MATERIAL SHOWN:
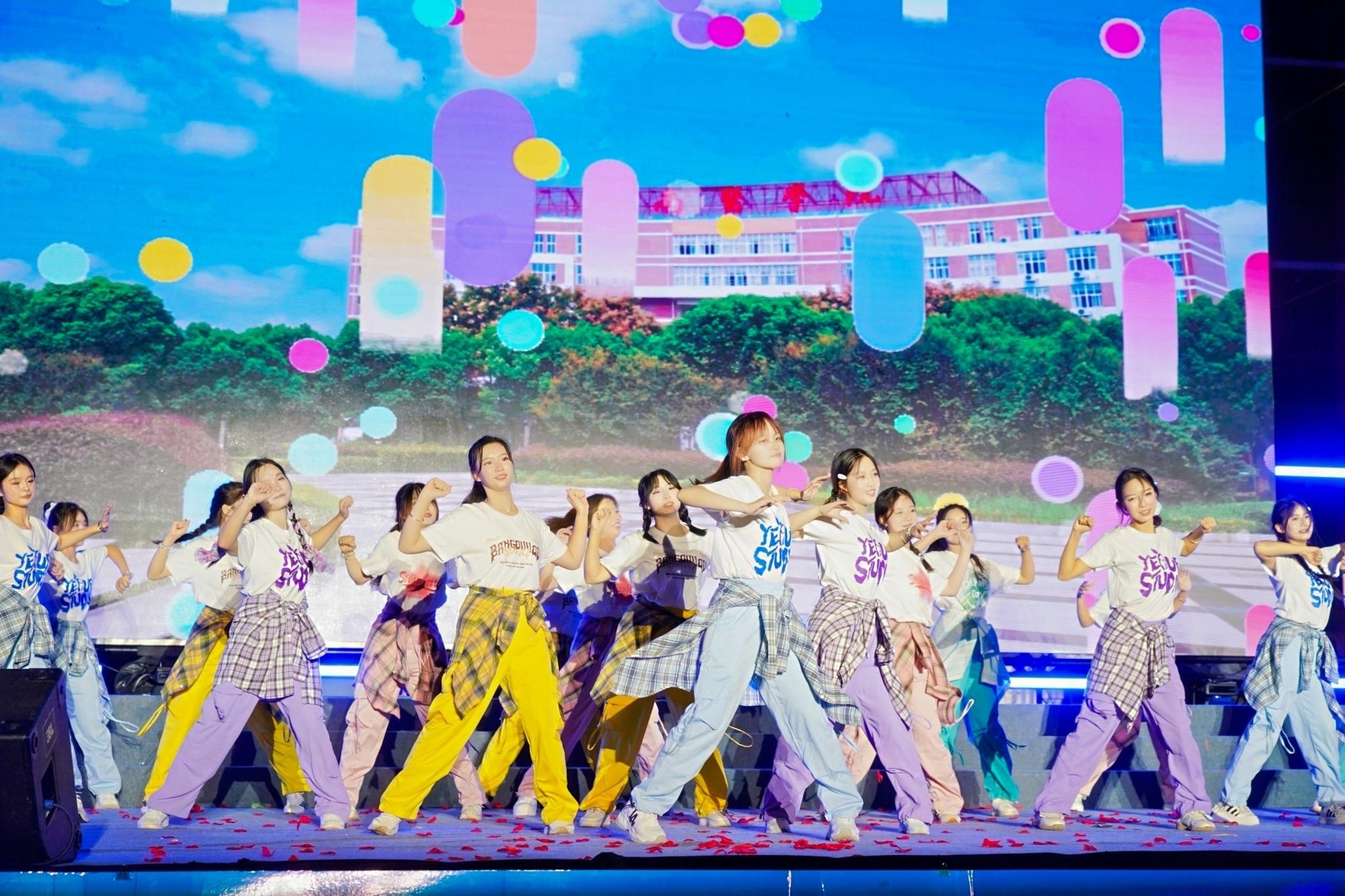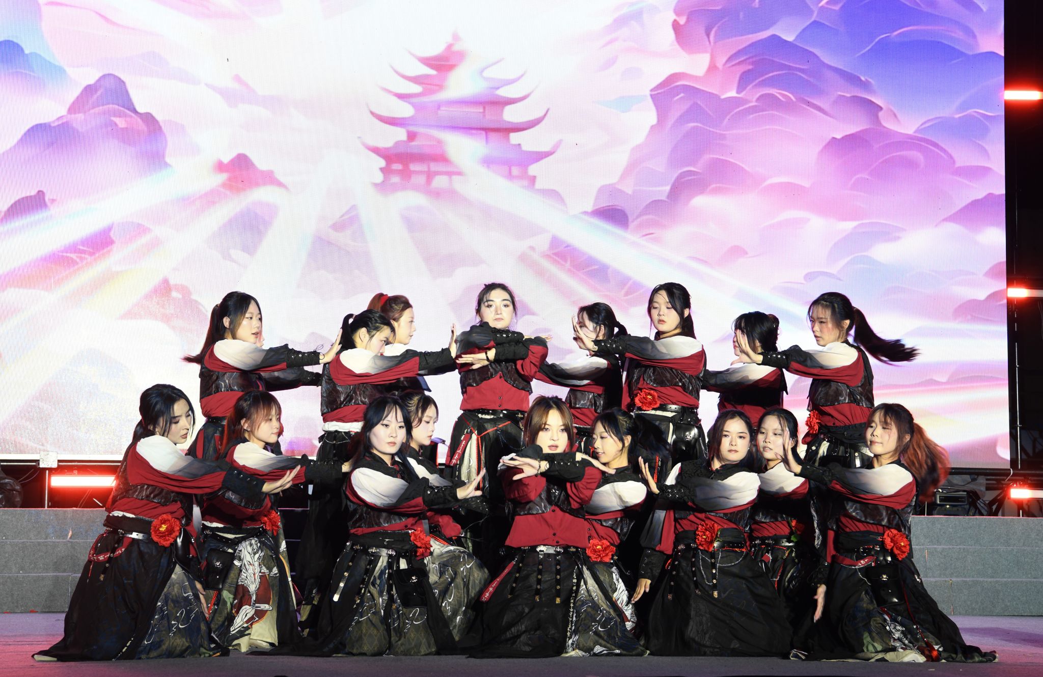 晚会在恢弘大气的开场龙鼓《旌旗半卷战九霄》中拉开帷幕;器乐合奏《就是哪吒》展现传统文化和当代精神的激情碰撞,传递“打破束缚、勇往直前”的青春无畏;军事爱好者协会带来的队列表演《钢铁洪流》刚劲有力,英姿勃发、气贯长虹,让人回想起抗战胜利80周年阅兵时的震撼场景;参加九三阅兵的两名在校退役大学生代忠意、张允乔现场分享他们通过层层选拔、经历刻苦训练,最终走到天安门阅兵现场的心路历程,一句“脚下的安宁是先辈热血换来的”让全场掌声雷动,经久不息;新生辅导员代表唱响纪念中国人民抗日战争暨世界反法西斯战争胜利80周年主题歌曲《铭记》,追忆烽火岁月,致敬伟大抗战精神,点燃在场师生心底的家国情怀,引发强烈共鸣;舞蹈《山河图》展现祖国大好河山,以今天的繁华盛世回应英雄先烈,书写这封跨越时空的家书;中外学生歌曲联唱《如是》唱出了青年人坚守初心、拼搏奋进的意气风发和追光而行,初心如炬的坚定昂扬。
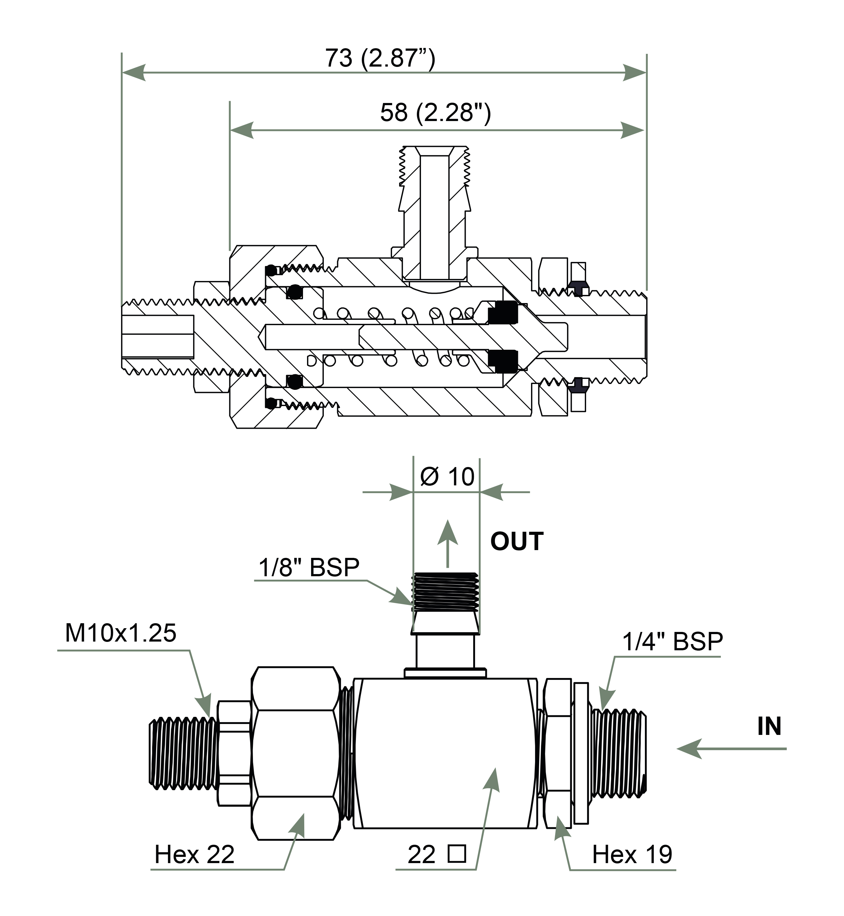 For pneumatic pumps to limit overpressure in the fluid line, generated, for instance, by thermal expansion. Regulated by an Allen screw.
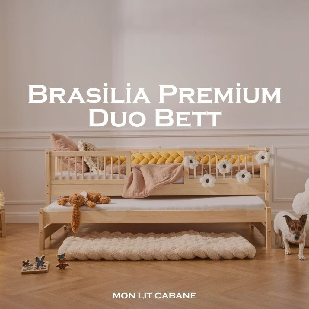 - Lit Brasilia Duo: eine durchdachte und elegante Schlaflösung für wachsende Kinder. Entwickelt für eine 90 × 190 cm‑Matratze im Hauptbett und 90 × 180 cm im Ausziehbett, bietet es eine praktische zweite Schlafgelegenheit unter dem Hauptbett – ideal für Pyjama‑Nächte oder Geschwister.
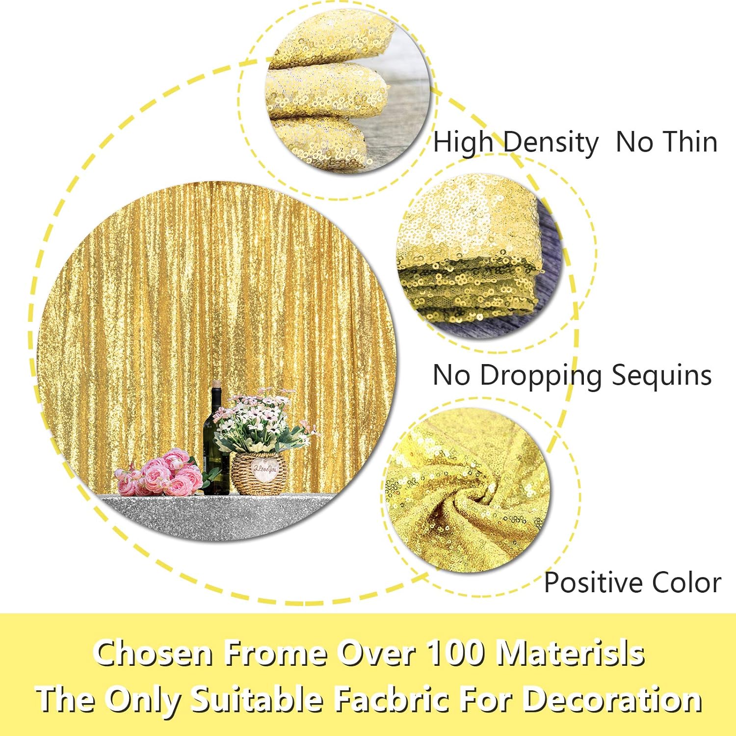 - Durable Material: Gold sequin backdrop with 3MM round dense sequins on mesh fabric. Finished edges prevent fraying, ensuring sequins stay intact and reusable;
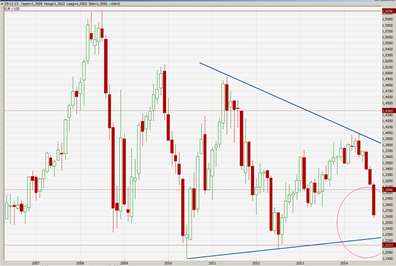 De dalende Eurowaarde is in de hierna volgende maandgrafiek goed zichtbaar. Beneden de waarde van $1,26 is er volop ruimte voor een versnelde neergang. Op zich is een dalende Euro niet ongunstig voor een aantal Europese economieën. Zuidelijke Eurolanden zullen daardoor, zo is de verwachting, makkelijker kunnen exporteren en hun economieën revitaliseren. In hoeverre die ontwikkeling voor Nederland, dat een extreem groot handelsoverschot met het buitenland heeft, gunstig is valt te bezien. Het Nederlandse overschot op de betalingsbalans wijst op een kolossaal spaaroverschot, dus op te weinig (binnenlandse) investeringen van bedrijven en overheid. De overschotten worden kennelijk in het buitenland belegd (geïnvesteerd). Dat gaat zich op den duur vertalen in afnemende binnenlandse economische groei, achterblijvende voorzieningen en stagnerende werkgelegenheid.

WORK ITEM: Beginning with the first line of the records above, extract each line exactly through the line that holds "For pneumatic pumps", both ends included. Omit pictures.

YOUR SOLUTION:
 晚会在恢弘大气的开场龙鼓《旌旗半卷战九霄》中拉开帷幕;器乐合奏《就是哪吒》展现传统文化和当代精神的激情碰撞,传递“打破束缚、勇往直前”的青春无畏;军事爱好者协会带来的队列表演《钢铁洪流》刚劲有力,英姿勃发、气贯长虹,让人回想起抗战胜利80周年阅兵时的震撼场景;参加九三阅兵的两名在校退役大学生代忠意、张允乔现场分享他们通过层层选拔、经历刻苦训练,最终走到天安门阅兵现场的心路历程,一句“脚下的安宁是先辈热血换来的”让全场掌声雷动,经久不息;新生辅导员代表唱响纪念中国人民抗日战争暨世界反法西斯战争胜利80周年主题歌曲《铭记》,追忆烽火岁月,致敬伟大抗战精神,点燃在场师生心底的家国情怀,引发强烈共鸣;舞蹈《山河图》展现祖国大好河山,以今天的繁华盛世回应英雄先烈,书写这封跨越时空的家书;中外学生歌曲联唱《如是》唱出了青年人坚守初心、拼搏奋进的意气风发和追光而行,初心如炬的坚定昂扬。
 For pneumatic pumps to limit overpressure in the fluid line, generated, for instance, by thermal expansion. Regulated by an Allen screw.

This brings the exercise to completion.